Получилось так, что после встречи с Федором Марковичем на Карельском фронте мы почти не общались пять лет, если не считать случайных встреч в издательстве или Союзе писателей. В сорок девятом году я -уже космополит, антипатриот, эстет, словом, изгой ^ как-то утром отправляюсь в очередной поход к букинистам. Работы нет, денег ни копейки, в перспективе - исключение из Союза. Продаем книги и тем кормимся.
Иду с чемоданчиком не в ближайший магазин на Сретенке, где - уже известно - приемщик к собственной выгоде занижает цены, а в Камергерский. Там, говорят, оценивают книги по достоинству. Прихожу. Становлюсь в очередь к окошку, привычно осведомляюсь: «Вы последний?» Стоящий впереди человек оборачивается - Федор Маркович! Мы, к удивлению и окружающих, и своему, расцеловались. Он здесь по той же причине, с той же целью. Книги у нас были хорошие - все прошли. Какие-никакие, а все-таки деньги... Получив их, завернули мы в соседний магазин, взяли четвертинку и пошли ко мне.
К тому времени - весна сорок девятого - нас обоих уже смешали с грязью.
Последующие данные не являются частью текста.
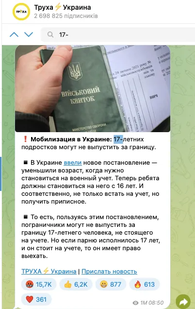Не стояли осторонь і популярні телеграм-канали, що не втрачають жодної можливості хайпанути та зібрати тонни лайків. До прикладу, допис на каналі "Труха" з провокативним заголовком зібрав 1 мільйон переглядів.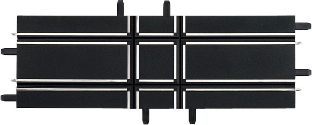 Voeg deze leuke kruising toe aan jouw eigen racebaan! De kruising zit verwerkt in één recht stuk. Hierop kun je twee baanstukken aansluiten, waardoor je een echte kruising hebt.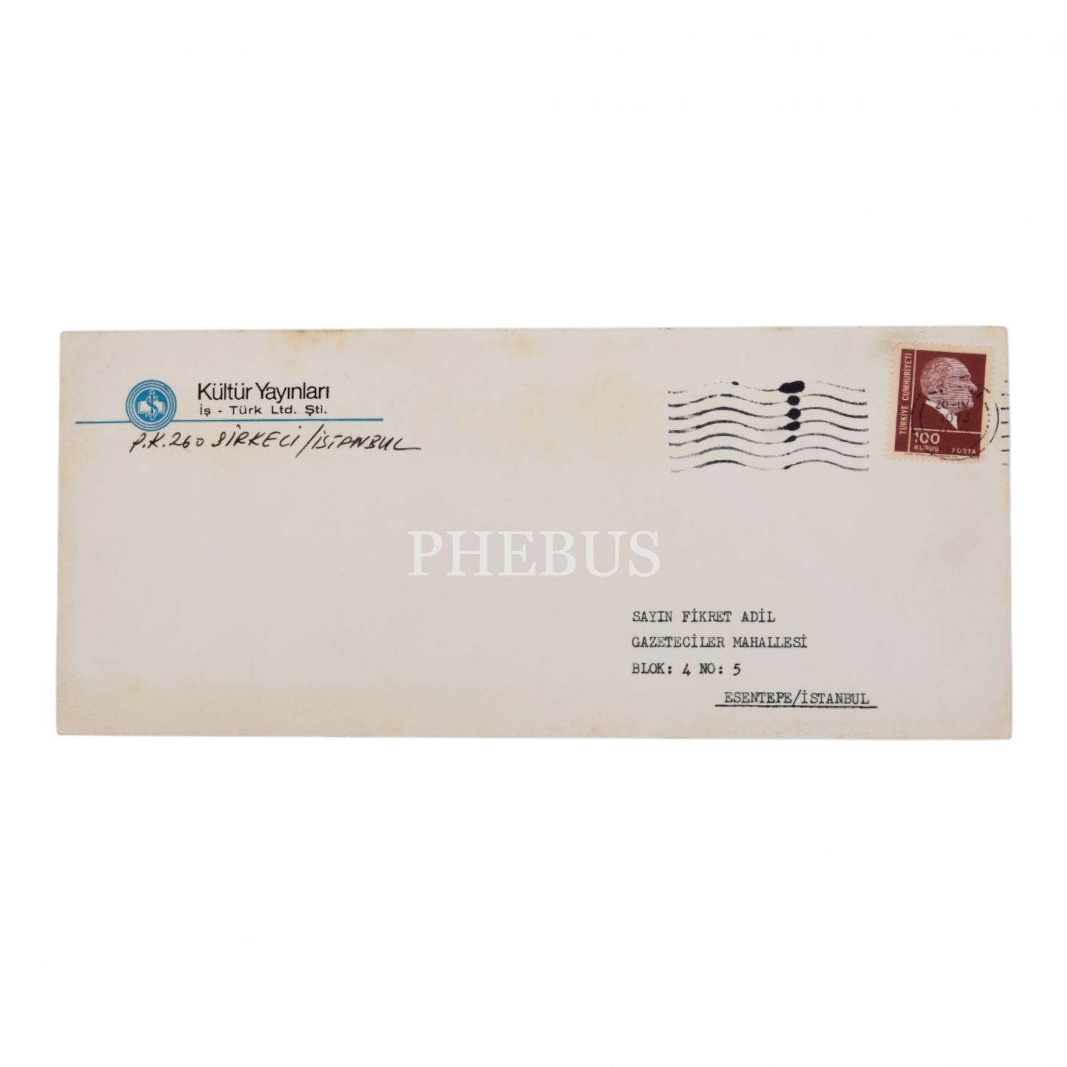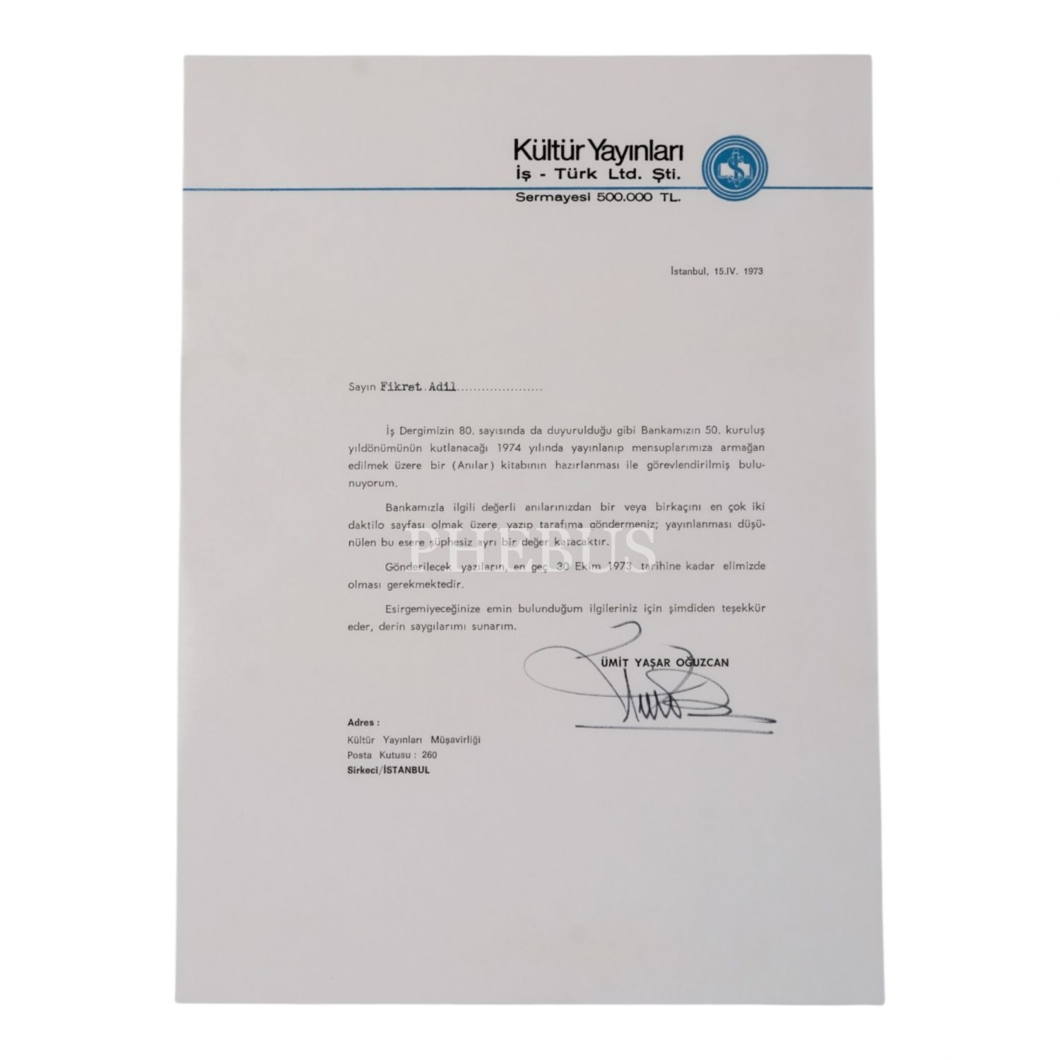 Ümit Yaşar Oğuzcan´dan Fikret Adil´e gönderilmiş, ıslak imzalı daktilo mektup ve zarfı, 15 Nisan 1973, 21x29 cm...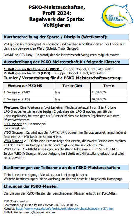 Die PSK-Meister Voltigieren 2024 werden beim Turnier in Isny-Rohrdorf ermittelt. Die Ergebnisse und Regelwerke zur Meisterschaft sind auf der offiziellen Seite des Württembergischen Pferdesportverbandes (WPSV) unter dem Bereich PSK Oberschwaben abrufbar:
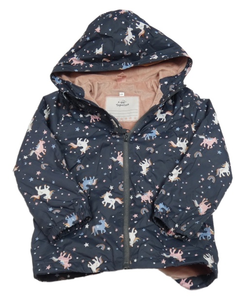 Tmavosivá šušťáková zateplená bunda s jednorožcami a kapucňou Topolino
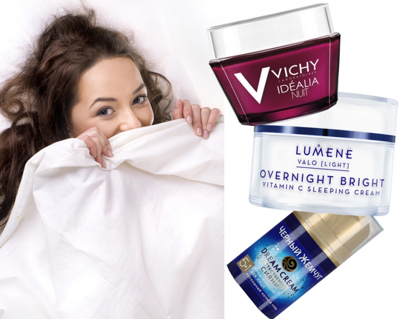Ночные кремы: Idealia Nuit, Vichy; Overnight Bright Vitamin V Sleeping Cream, Lumene; Dream Cream «Естественное сияние 5 в 1», «Черный жемчуг».Увлажнение против первых признаков старения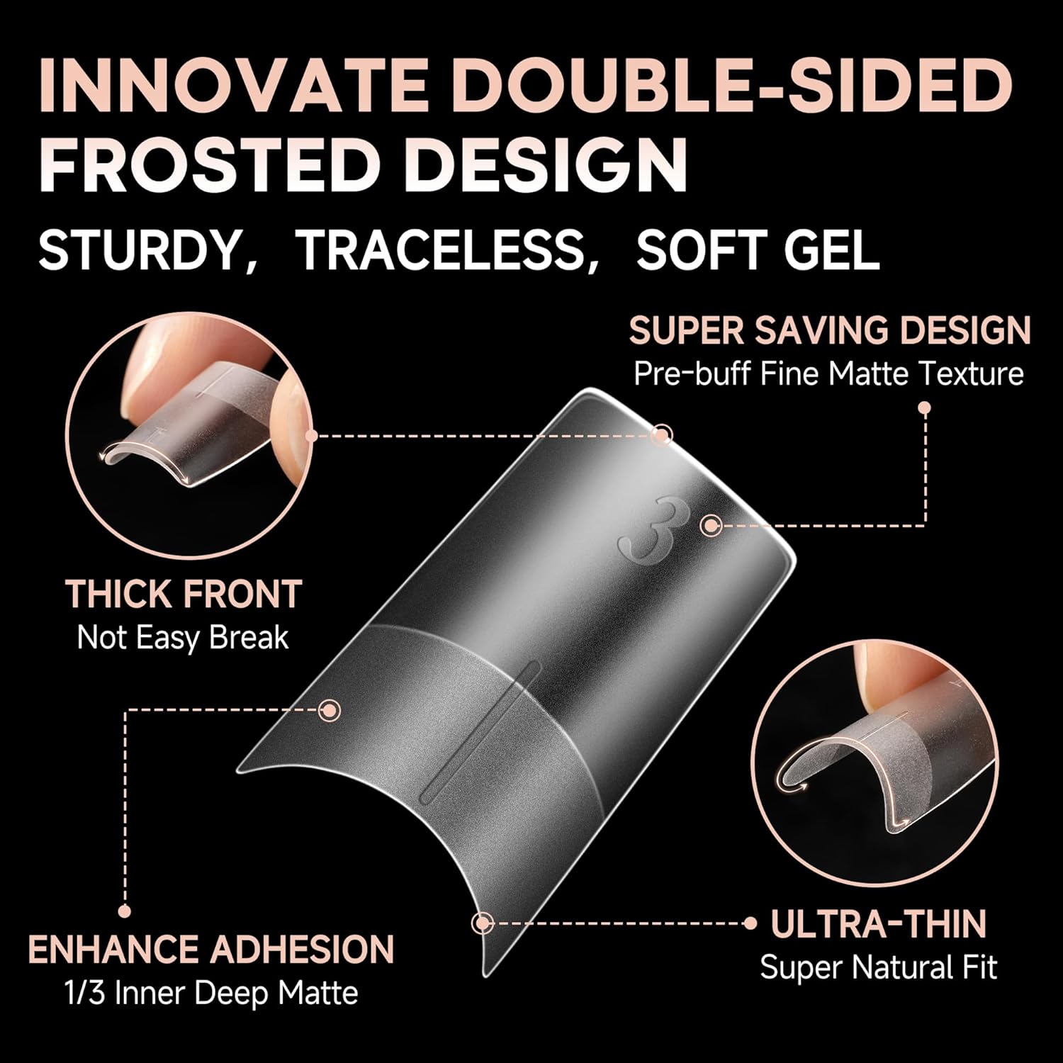 - đNEWLY DOUBLE SIDE MATTE TEXTURE-Our medium square gel nail tips upgraded double-sided frosted design. The surface pre-buff with fine matte for applying base coat gives a glossy look. And 1/3 inner pre-buff with deep matte for better adhesive nails. "Thick Front, Ultra-thin Back" design benefit of break-resistant and ultra fit. Let you enjoy this unprecedented professional nail salon enjoyment!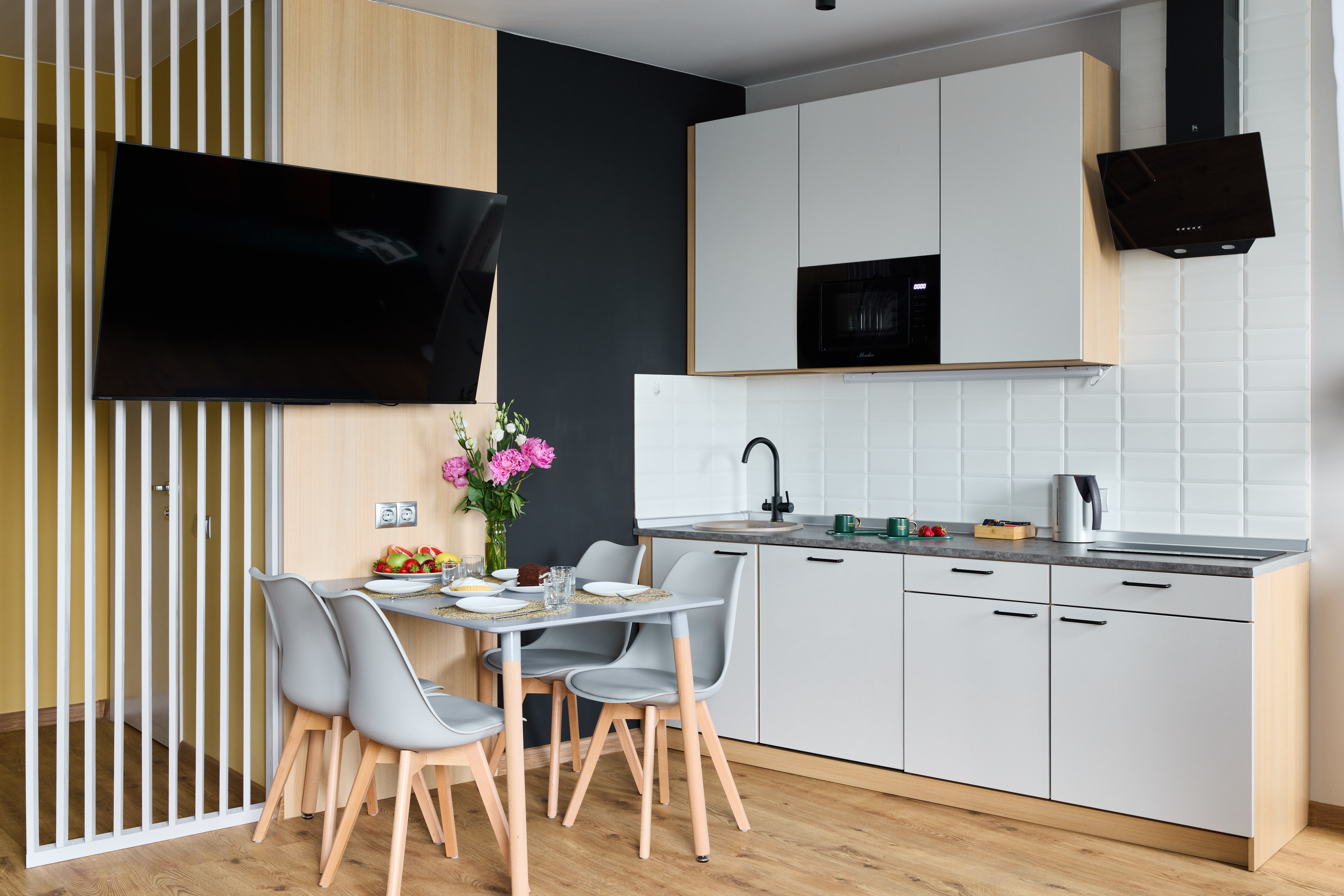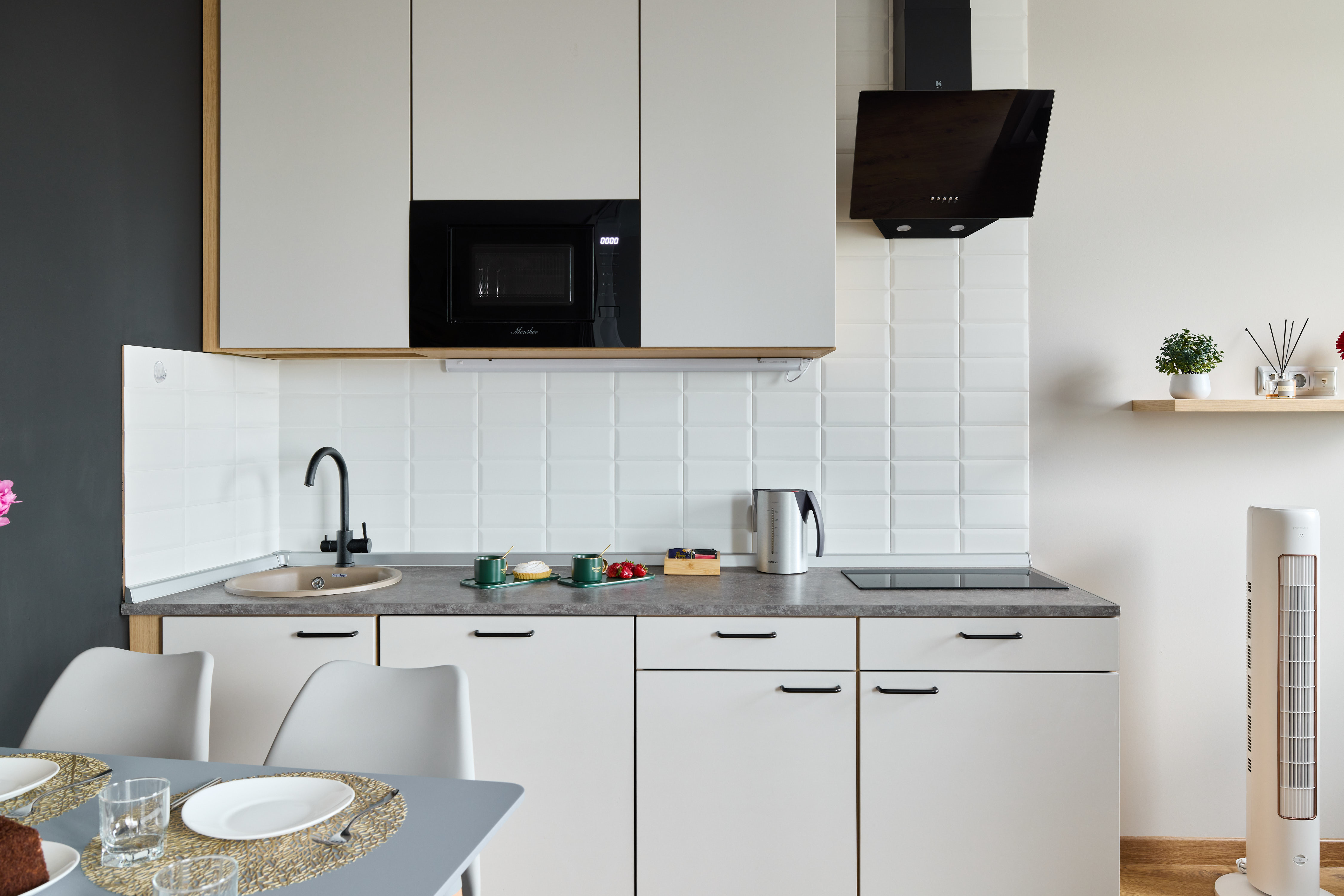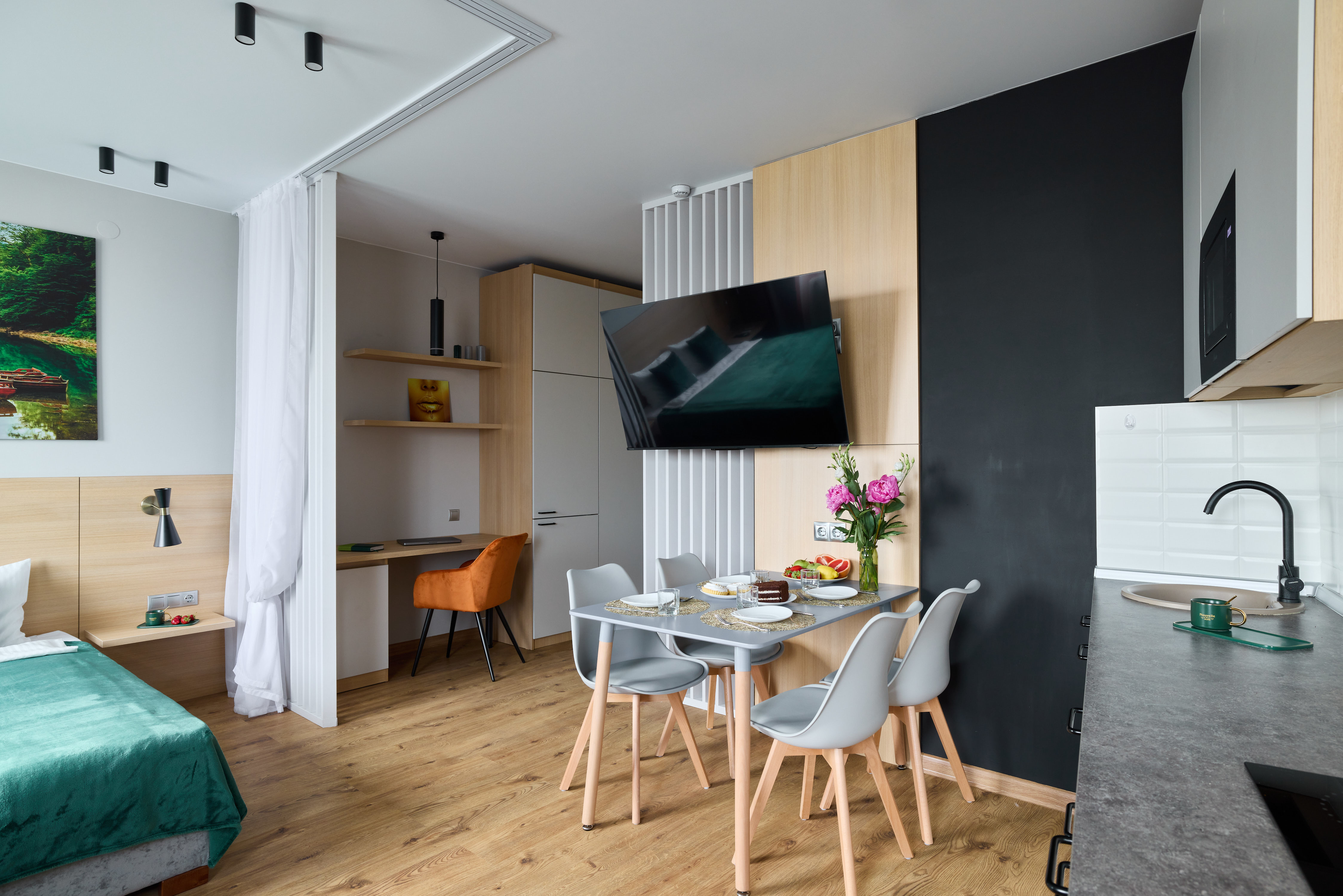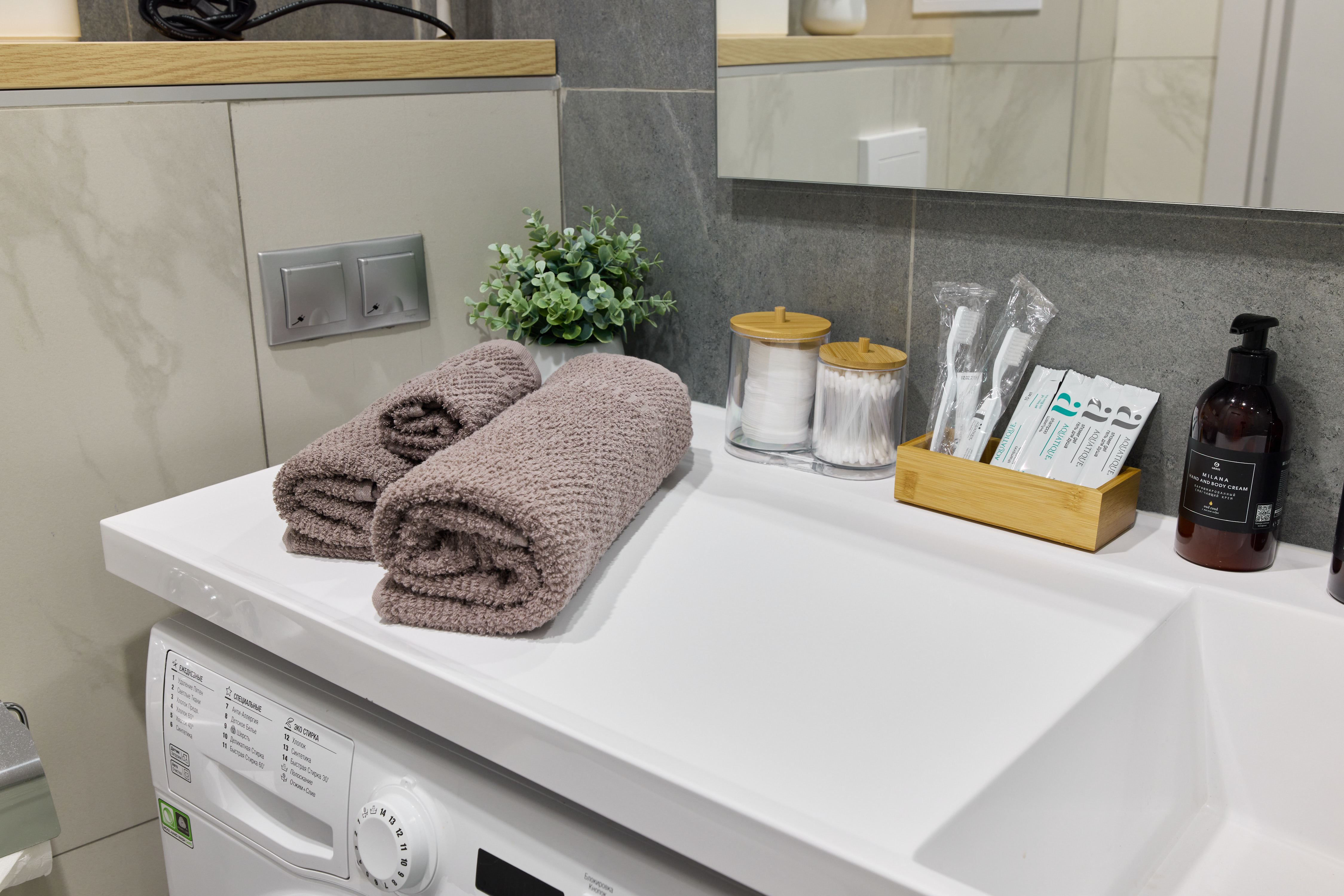 Студия разделена на зоны спальни и зону гостиной. В спальной зоне двуспальная кровать с ортопедическим матрасом повышенной комфортности, что позволяет проснуться утром отдохнувшим и полным сил (проверено нашими гостями!). Спальная зона отделена от гостиной текстилем. Студия так же будет удобна для семей с детьми. В квартире есть все необходимое из техники: плита, вытяжка, посудомоечная машина, стиральная машина и мелкая бытовая техника (чайник, кофемашина, тостер, бутербродница, фен, утюг). Большая (совмещенная) ванная комната с душевой, укомплектованная одноразовой косметикой и пушистыми полотенцами.

Тем сердечнее получилась наша застольная беседа, тем теплее пошли воспоминания о довоенных временах, о фронте, о погибших друзьях. Ну, и конечно, заговорили о том, какое нас ждет будущее. Слов нет, «космополитические унижения », выпавшие на мою долю, не шли ни в какое сравнение с тем, что пришлось испытать Федору Марковичу даже за последний только месяц. Он рассказал, как именитый трибунал, на этот раз уже не военный, а литературный, публично исключал его из партии, каким поношениям подвергли его на собрании в Союзе писателей.
Однако закончил он свой горестный рассказ неожиданно патетической фразой, которая, по мне, способна была разом перечеркнуть милую задушевность нашей встречи.
- Но ведь из сердца они у меня партийный билет не отберут, - с пылкостью провинциального трагика вдруг произнес он.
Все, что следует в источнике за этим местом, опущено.